## ACTIVITY
The material below includes pictures; leave them out and return only the lines between the line containing "zpěv, loutna, kvinterna, cistra, niněra, varhanní" and the line containing "Wenn Sie das", inclusive, word for word.

## PROVIDED RECORDS
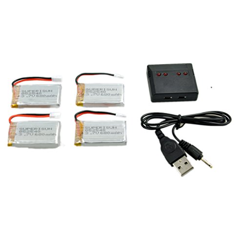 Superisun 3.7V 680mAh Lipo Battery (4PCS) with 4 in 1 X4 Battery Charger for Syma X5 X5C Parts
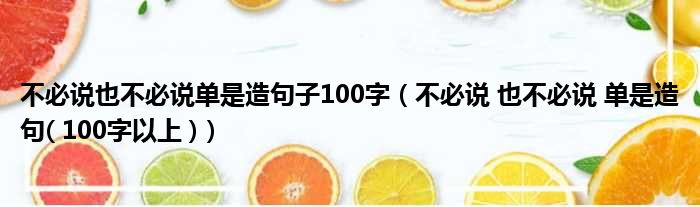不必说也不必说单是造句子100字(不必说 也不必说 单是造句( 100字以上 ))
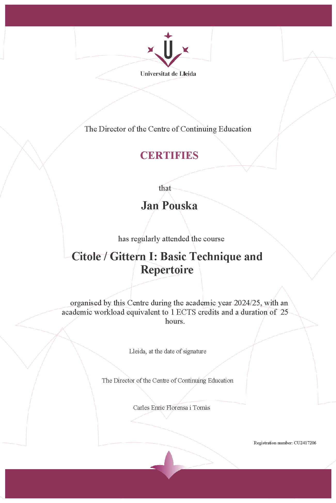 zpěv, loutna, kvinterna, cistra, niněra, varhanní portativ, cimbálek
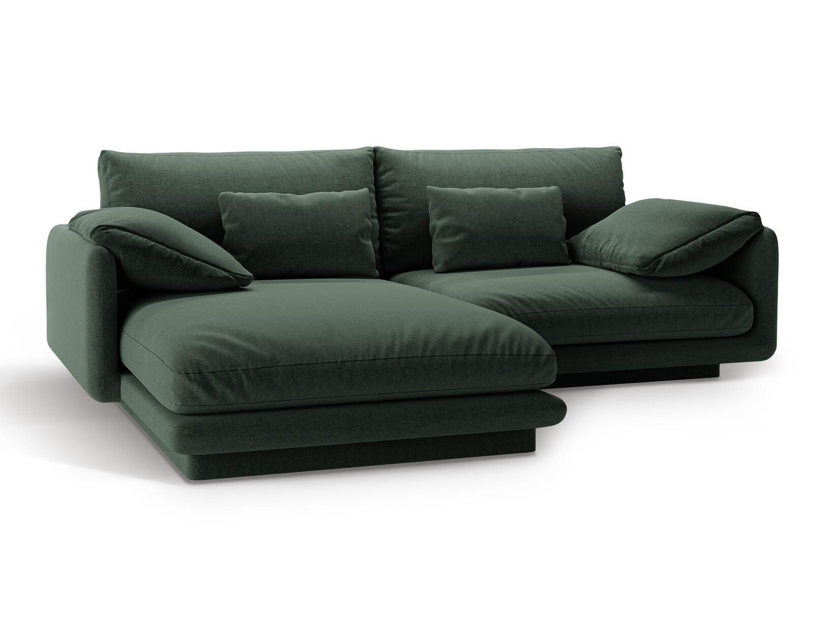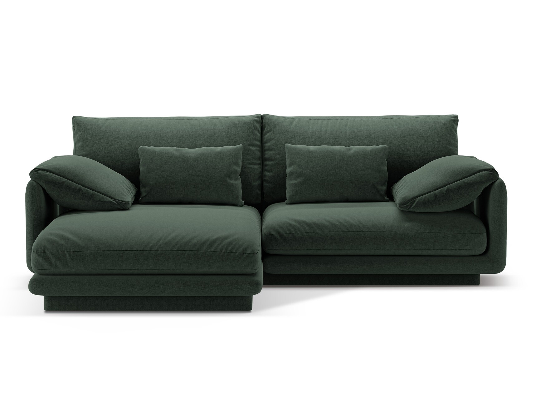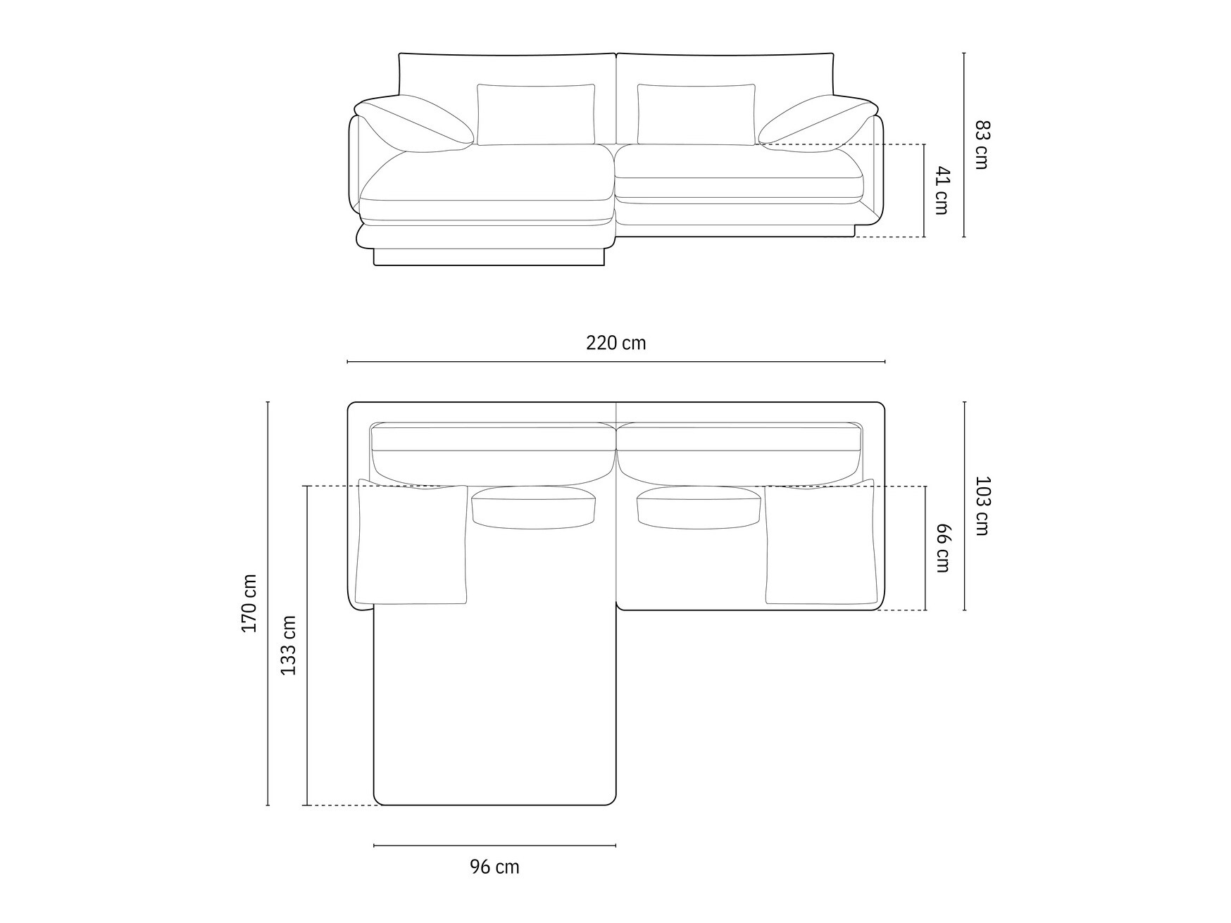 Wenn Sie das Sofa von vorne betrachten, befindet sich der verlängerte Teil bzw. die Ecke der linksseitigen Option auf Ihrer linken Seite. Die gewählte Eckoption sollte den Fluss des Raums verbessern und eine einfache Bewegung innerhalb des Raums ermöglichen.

* * *

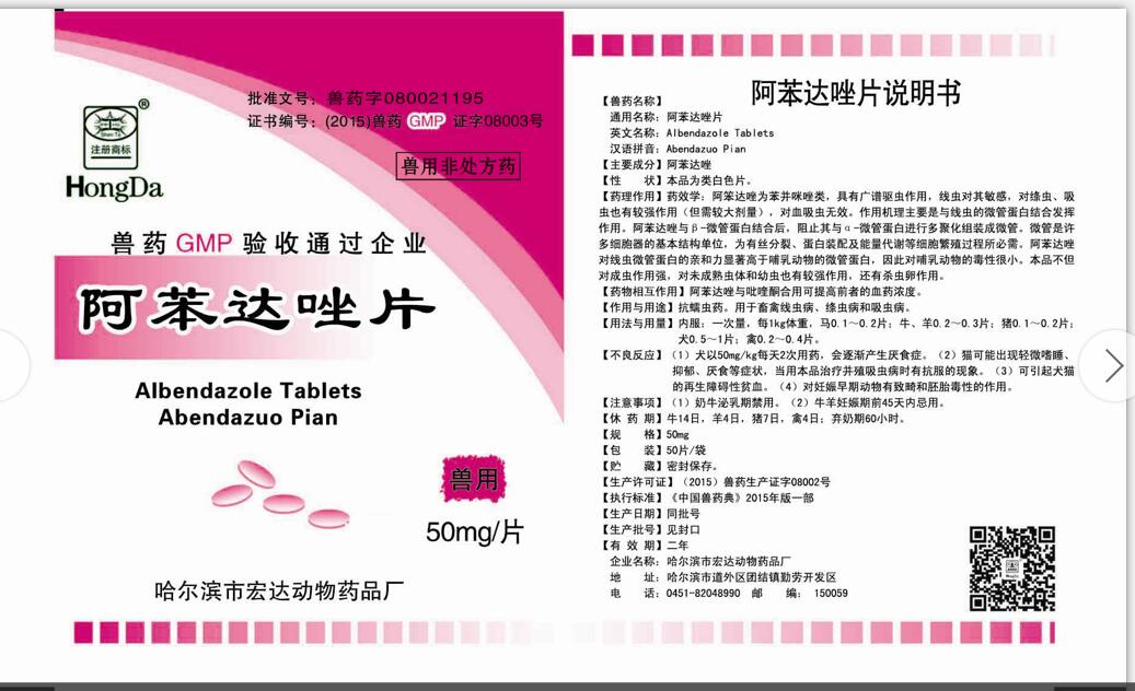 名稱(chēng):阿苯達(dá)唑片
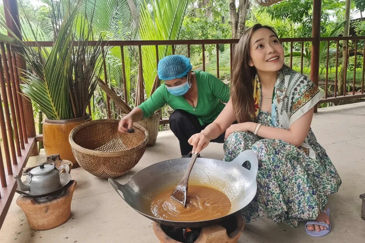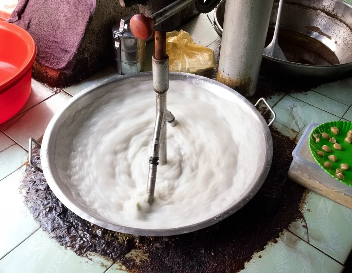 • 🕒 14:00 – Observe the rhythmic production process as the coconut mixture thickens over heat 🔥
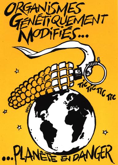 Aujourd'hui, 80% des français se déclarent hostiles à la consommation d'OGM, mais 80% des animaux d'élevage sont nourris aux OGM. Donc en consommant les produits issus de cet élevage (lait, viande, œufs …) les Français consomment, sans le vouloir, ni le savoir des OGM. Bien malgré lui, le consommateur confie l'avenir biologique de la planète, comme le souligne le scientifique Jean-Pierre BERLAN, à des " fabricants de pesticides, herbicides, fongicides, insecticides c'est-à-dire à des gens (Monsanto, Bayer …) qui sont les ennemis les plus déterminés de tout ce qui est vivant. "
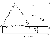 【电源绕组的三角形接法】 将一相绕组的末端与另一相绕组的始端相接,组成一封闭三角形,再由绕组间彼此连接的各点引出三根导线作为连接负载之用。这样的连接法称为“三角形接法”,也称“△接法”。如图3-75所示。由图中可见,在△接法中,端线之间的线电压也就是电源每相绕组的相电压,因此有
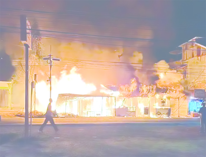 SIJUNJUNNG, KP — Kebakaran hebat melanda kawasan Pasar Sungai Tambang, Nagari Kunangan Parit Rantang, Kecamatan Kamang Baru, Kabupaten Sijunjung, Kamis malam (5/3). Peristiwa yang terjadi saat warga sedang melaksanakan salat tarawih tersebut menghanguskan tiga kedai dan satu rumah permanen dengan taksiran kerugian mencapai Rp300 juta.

---

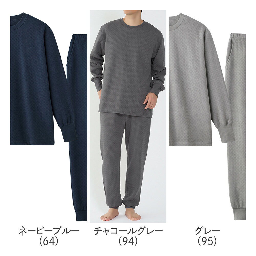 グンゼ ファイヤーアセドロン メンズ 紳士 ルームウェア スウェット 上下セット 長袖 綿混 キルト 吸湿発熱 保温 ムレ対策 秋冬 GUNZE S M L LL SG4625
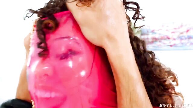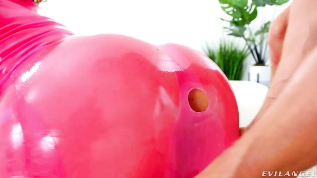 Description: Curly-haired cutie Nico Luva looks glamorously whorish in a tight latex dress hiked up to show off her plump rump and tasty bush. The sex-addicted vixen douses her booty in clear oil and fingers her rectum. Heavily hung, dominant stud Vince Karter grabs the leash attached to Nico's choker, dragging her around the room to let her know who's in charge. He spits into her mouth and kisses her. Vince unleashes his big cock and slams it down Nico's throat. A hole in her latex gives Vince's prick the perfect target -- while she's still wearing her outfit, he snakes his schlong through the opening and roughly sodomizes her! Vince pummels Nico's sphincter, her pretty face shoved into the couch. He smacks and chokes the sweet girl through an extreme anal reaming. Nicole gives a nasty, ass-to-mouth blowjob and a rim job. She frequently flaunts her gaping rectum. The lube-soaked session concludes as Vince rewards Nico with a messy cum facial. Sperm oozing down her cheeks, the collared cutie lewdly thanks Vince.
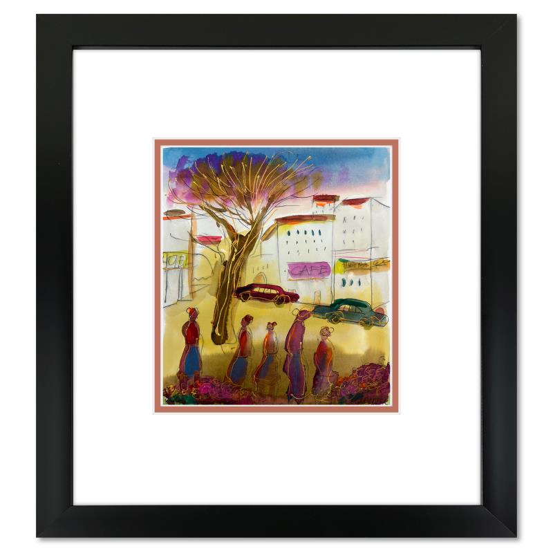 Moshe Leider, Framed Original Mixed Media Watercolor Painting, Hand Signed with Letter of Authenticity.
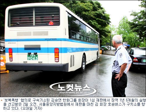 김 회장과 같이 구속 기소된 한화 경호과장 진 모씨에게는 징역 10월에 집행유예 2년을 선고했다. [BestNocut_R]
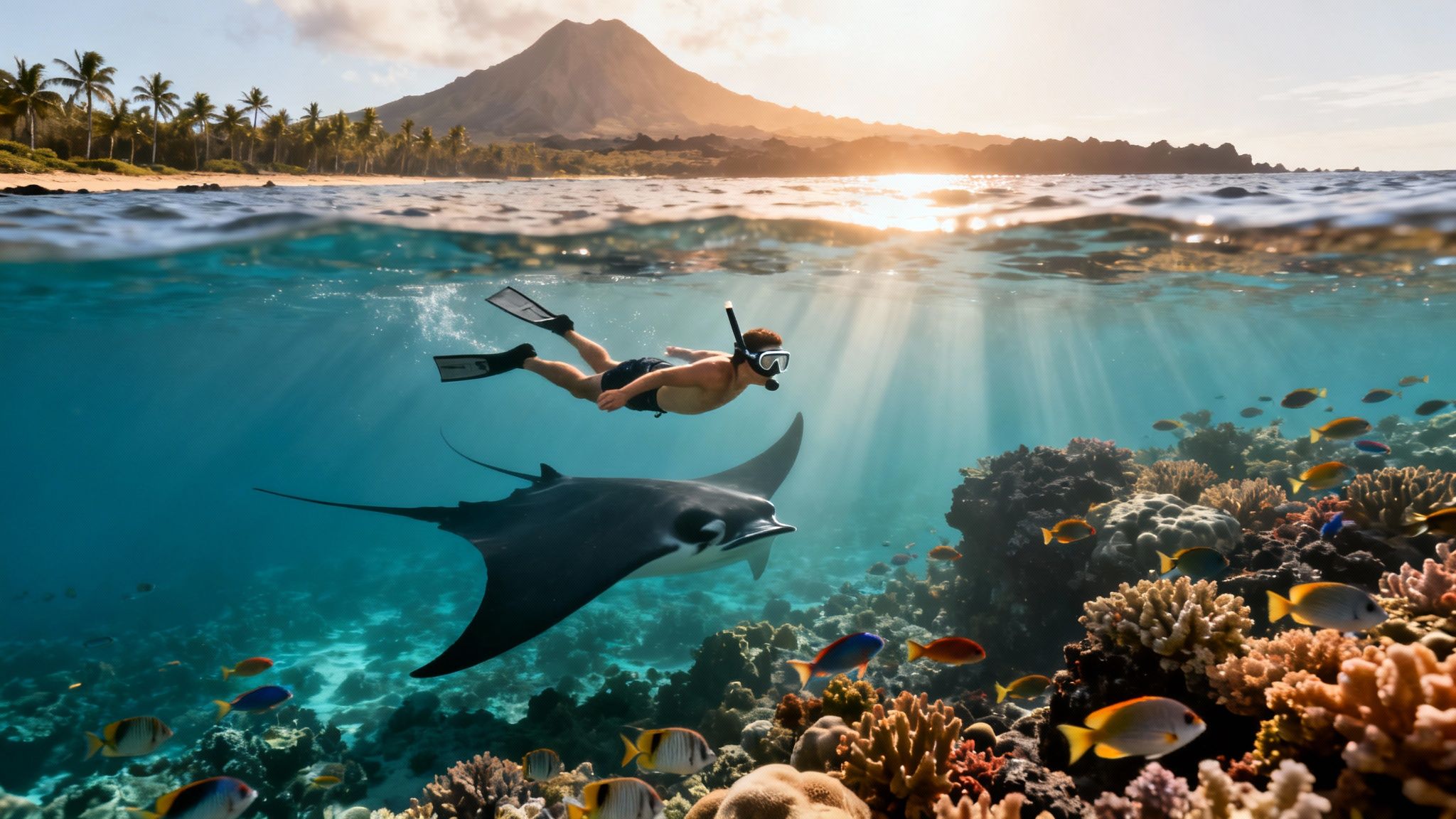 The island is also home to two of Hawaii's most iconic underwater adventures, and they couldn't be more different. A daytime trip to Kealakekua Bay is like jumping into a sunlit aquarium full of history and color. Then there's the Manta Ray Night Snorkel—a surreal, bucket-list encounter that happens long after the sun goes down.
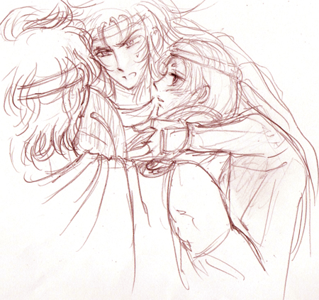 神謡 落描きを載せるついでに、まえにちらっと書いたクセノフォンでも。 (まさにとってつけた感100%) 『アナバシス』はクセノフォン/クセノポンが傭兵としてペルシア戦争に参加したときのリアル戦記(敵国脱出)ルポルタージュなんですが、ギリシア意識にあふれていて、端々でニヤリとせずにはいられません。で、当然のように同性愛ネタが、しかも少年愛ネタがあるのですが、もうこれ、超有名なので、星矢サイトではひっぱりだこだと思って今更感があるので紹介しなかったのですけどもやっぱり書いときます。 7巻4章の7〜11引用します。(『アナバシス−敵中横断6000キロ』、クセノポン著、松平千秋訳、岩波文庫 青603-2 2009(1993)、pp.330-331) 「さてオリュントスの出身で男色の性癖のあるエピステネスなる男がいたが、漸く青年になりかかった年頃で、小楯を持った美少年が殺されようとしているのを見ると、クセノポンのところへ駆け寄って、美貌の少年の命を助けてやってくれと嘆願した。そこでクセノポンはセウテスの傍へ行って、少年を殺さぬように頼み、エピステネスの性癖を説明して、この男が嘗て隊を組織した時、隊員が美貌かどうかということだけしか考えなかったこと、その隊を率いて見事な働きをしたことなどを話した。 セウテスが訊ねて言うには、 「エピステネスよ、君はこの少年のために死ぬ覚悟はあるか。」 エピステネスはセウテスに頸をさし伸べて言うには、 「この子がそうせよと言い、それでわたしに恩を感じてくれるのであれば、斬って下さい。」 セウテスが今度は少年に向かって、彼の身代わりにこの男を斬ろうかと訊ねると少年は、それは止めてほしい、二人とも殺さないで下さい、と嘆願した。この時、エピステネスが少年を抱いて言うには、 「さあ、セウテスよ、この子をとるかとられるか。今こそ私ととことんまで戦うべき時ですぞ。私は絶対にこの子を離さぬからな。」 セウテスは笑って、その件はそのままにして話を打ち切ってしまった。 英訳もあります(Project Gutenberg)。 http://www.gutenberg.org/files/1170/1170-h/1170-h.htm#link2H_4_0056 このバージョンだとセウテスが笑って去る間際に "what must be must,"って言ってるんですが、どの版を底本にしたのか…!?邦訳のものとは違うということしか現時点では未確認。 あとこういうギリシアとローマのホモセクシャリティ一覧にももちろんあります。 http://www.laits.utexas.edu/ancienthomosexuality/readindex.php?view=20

## THE COMPLETED TASK
 zpěv, loutna, kvinterna, cistra, niněra, varhanní portativ, cimbálek
 Wenn Sie das Sofa von vorne betrachten, befindet sich der verlängerte Teil bzw. die Ecke der linksseitigen Option auf Ihrer linken Seite. Die gewählte Eckoption sollte den Fluss des Raums verbessern und eine einfache Bewegung innerhalb des Raums ermöglichen.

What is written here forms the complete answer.